**Directions for this task**
Of all the lines below, return only those starting with the line holding "Text: Folgen Sie" and going on through the line holding "组装、贴片、键合、耦合……走", exactly as written.

**Data for the task**
%%

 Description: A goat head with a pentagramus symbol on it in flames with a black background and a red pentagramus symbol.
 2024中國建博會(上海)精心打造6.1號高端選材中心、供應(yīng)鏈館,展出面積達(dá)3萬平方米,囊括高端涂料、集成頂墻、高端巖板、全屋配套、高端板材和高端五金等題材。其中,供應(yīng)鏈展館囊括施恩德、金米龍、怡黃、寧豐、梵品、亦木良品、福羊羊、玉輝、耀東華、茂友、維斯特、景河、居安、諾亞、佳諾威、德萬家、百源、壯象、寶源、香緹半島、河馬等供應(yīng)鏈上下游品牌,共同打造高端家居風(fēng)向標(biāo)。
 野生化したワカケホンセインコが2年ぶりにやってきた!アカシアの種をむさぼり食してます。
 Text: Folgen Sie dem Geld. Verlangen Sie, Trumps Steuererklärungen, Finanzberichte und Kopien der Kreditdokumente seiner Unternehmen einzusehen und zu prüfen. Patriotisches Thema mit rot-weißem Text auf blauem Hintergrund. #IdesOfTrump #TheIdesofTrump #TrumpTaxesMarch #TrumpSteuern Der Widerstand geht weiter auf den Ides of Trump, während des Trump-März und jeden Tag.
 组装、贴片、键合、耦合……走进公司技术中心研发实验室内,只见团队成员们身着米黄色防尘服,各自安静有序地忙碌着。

%%
%%

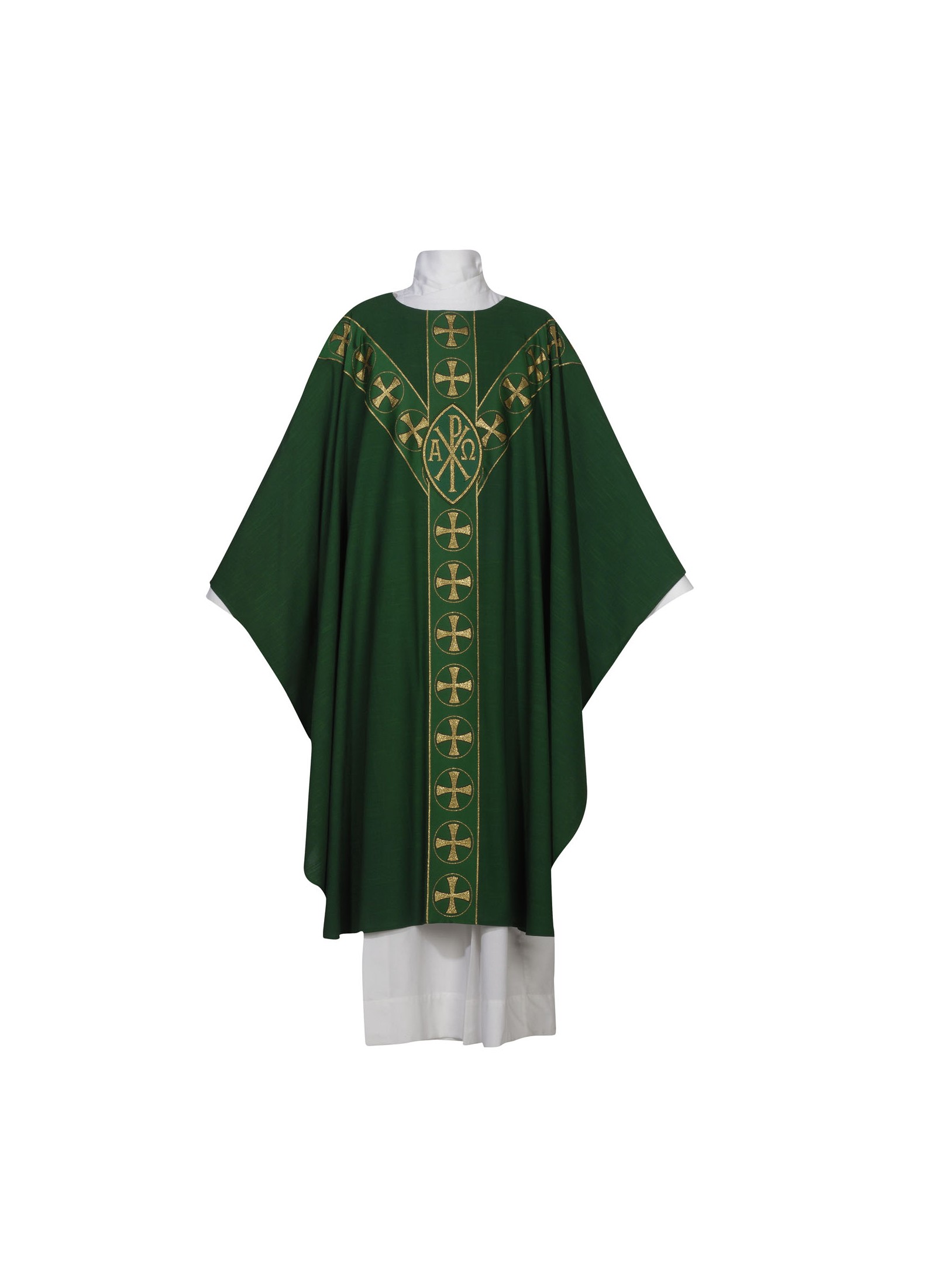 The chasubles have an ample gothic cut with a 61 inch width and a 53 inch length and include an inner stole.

%%
%%

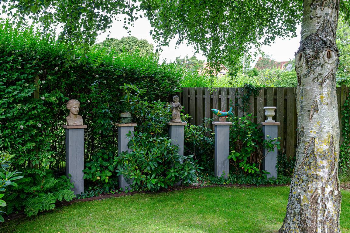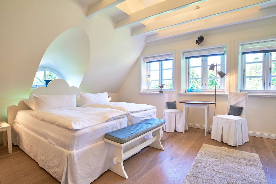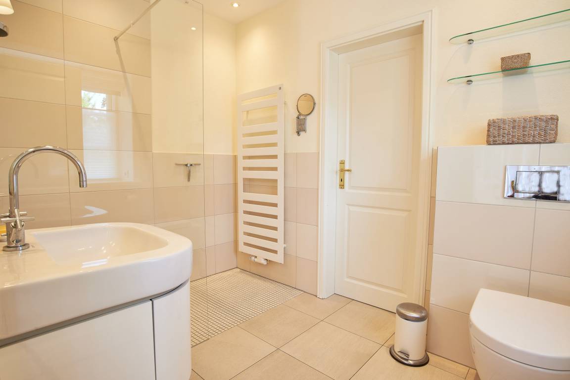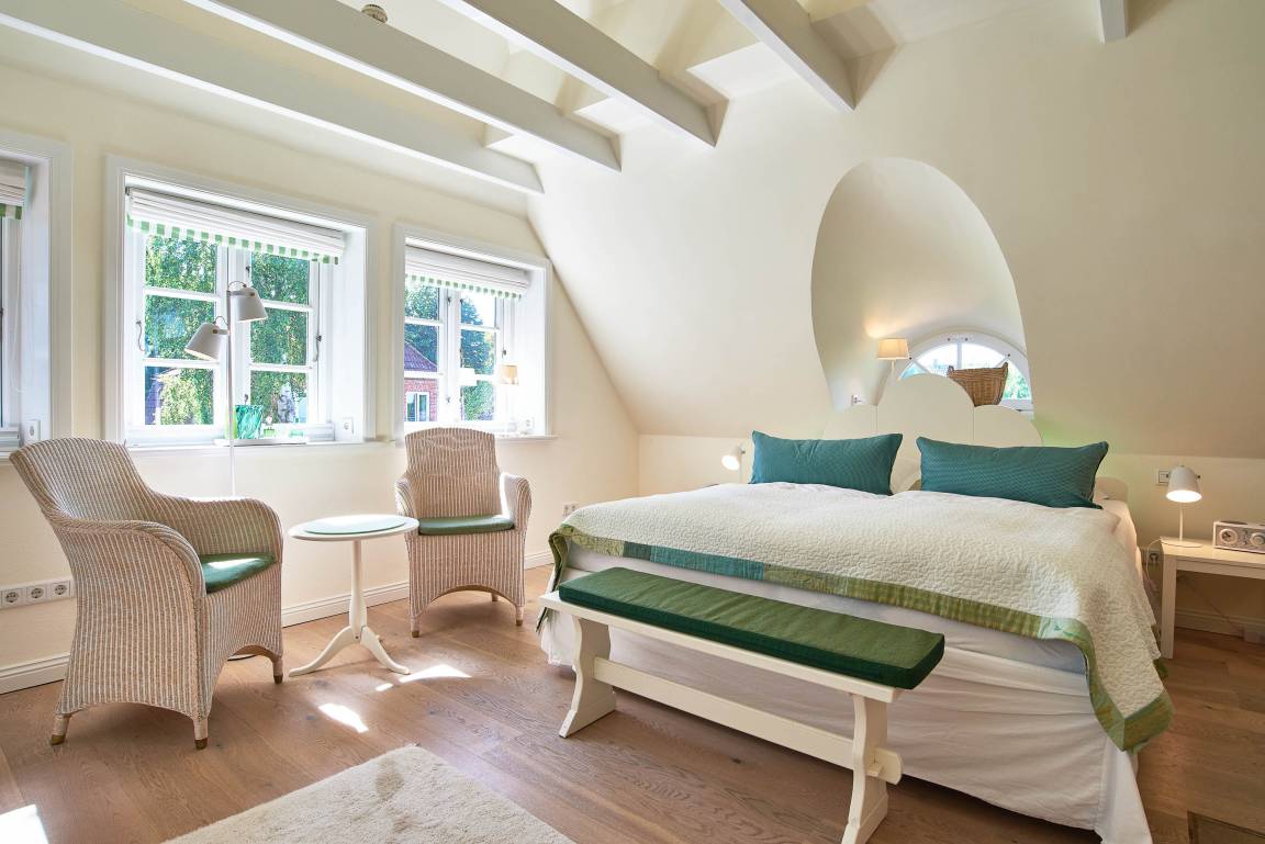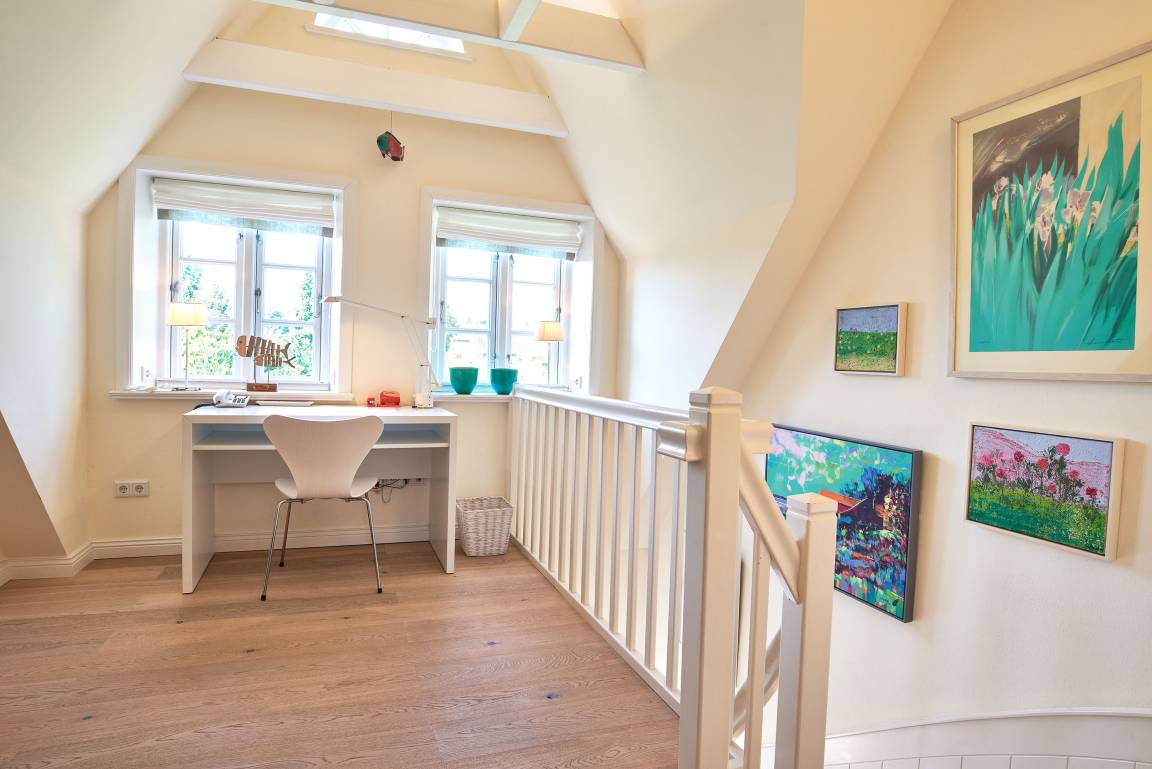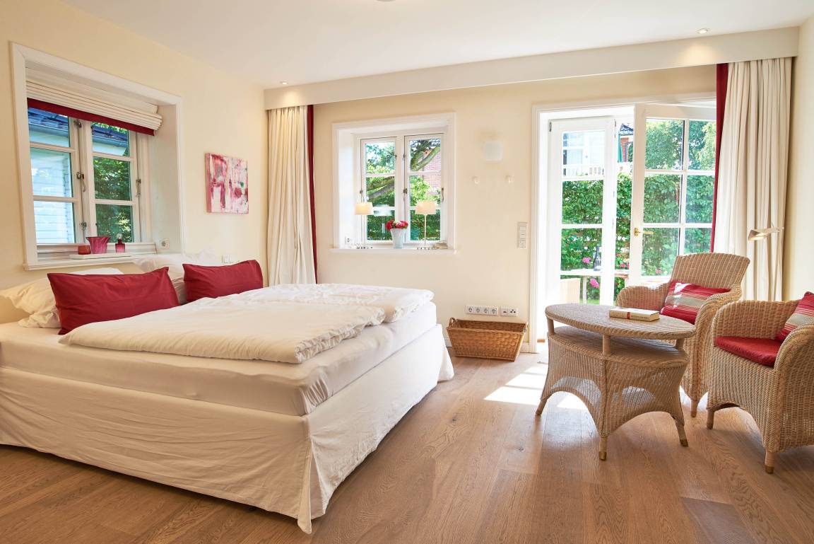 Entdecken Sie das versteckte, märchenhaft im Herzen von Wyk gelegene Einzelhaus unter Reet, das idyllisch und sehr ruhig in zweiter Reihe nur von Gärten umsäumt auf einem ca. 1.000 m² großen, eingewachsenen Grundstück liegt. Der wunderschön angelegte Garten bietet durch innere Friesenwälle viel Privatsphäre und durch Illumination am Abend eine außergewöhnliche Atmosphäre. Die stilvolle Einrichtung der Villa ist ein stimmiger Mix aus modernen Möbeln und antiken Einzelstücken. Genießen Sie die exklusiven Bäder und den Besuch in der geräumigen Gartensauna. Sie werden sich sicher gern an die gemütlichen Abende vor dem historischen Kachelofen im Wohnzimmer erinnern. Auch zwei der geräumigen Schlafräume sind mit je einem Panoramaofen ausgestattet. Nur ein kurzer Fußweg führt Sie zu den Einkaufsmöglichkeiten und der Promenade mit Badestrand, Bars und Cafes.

%%

**Task answer**
 Text: Folgen Sie dem Geld. Verlangen Sie, Trumps Steuererklärungen, Finanzberichte und Kopien der Kreditdokumente seiner Unternehmen einzusehen und zu prüfen. Patriotisches Thema mit rot-weißem Text auf blauem Hintergrund. #IdesOfTrump #TheIdesofTrump #TrumpTaxesMarch #TrumpSteuern Der Widerstand geht weiter auf den Ides of Trump, während des Trump-März und jeden Tag.
 组装、贴片、键合、耦合……走进公司技术中心研发实验室内,只见团队成员们身着米黄色防尘服,各自安静有序地忙碌着。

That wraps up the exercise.